CS Lewis writes in MERE CHRISTIANITY, “…whenever we do good to another self, just because it is a self, made (like us) by God, and desiring its own happiness as we desire ours, we shall have learned to love it a little more or, at least, to dislike it less.” (Book 3, Chapter 9)…

*drawing a deep breath*

For me, the speculative fiction community has ALWAYS intersected with my faith, just as it has for Gene Wolfe, Mike Duran, Madeleine L’Engle, Kathy Tyers, Gray Rhinehart, Orson Scott Card…I’m sure there are others I don’t remember. (io9 published this almost ten years ago: https://io9.gizmodo.com/christian-readers-demand-more-science-fiction-books-wh-5574733 and got quite a bit of discussion. I was corresponding with Mike Duran a bit before he was quoted there.)

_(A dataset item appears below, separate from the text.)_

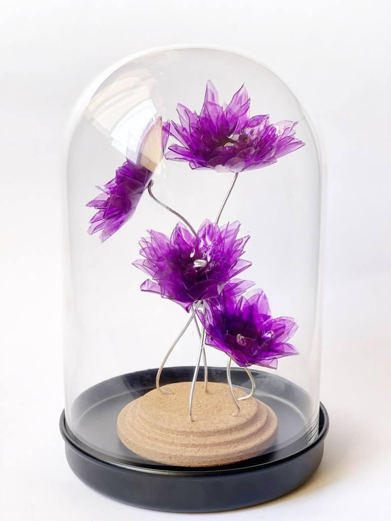 This unique sculptural artwork was created with great amount of love, passion and dedication. Found and collected single use plastics had been individually hand-cut, painted and assembled to form red lotus flowers symbolizing love, beauty and dignity. The textural elements have been stained using se...

By reading all of my current books (MERE CHRISTIANITY for roughly the sixth or seventh time) it sparked in me an entirely new idea. I opened myself up to the Holy Spirit, and along with hearing sermons like the  one I heard today in context of what I’ve been studying, (based on Mark 2:1-12, and from which I took the single message: after Jesus told the paralytic first, “Your sins are forgiven.”; then asked the pharisees “Which would be easier?”; then told him, “Get up, pick up your pallet and go home.” Then came the part that I found startling this morning: “…they were all amazed and were glorifying God, saying, ‘We have never seen anything like this.’”), I may have become both a better man and (I hope) a better writer to add this point of view to my stories.

I noted that “…THEY WERE ALL AMAZED AND WERE ALL GLORIFYING GOD…”. Not just the paralytic, not just his friends, not just those listening to Jesus – but the pharisees as well. All of them had witnessed and seen the change and (possibly) believed on Jesus’ name, that he was God (who could forgive sins).

I have never  published a piece of Christian science fiction (not for lack of trying!), but as I reflect on it now, that may be a good thing. It allows me to integrate a number of ideas into my stories. This intellectual journey has given me the foundational paradigm for a set of stories I’m writing and (finally) defined by the question: “What if entry into an interstellar union required a ‘charity’ factor in the entire population of an intelligence?”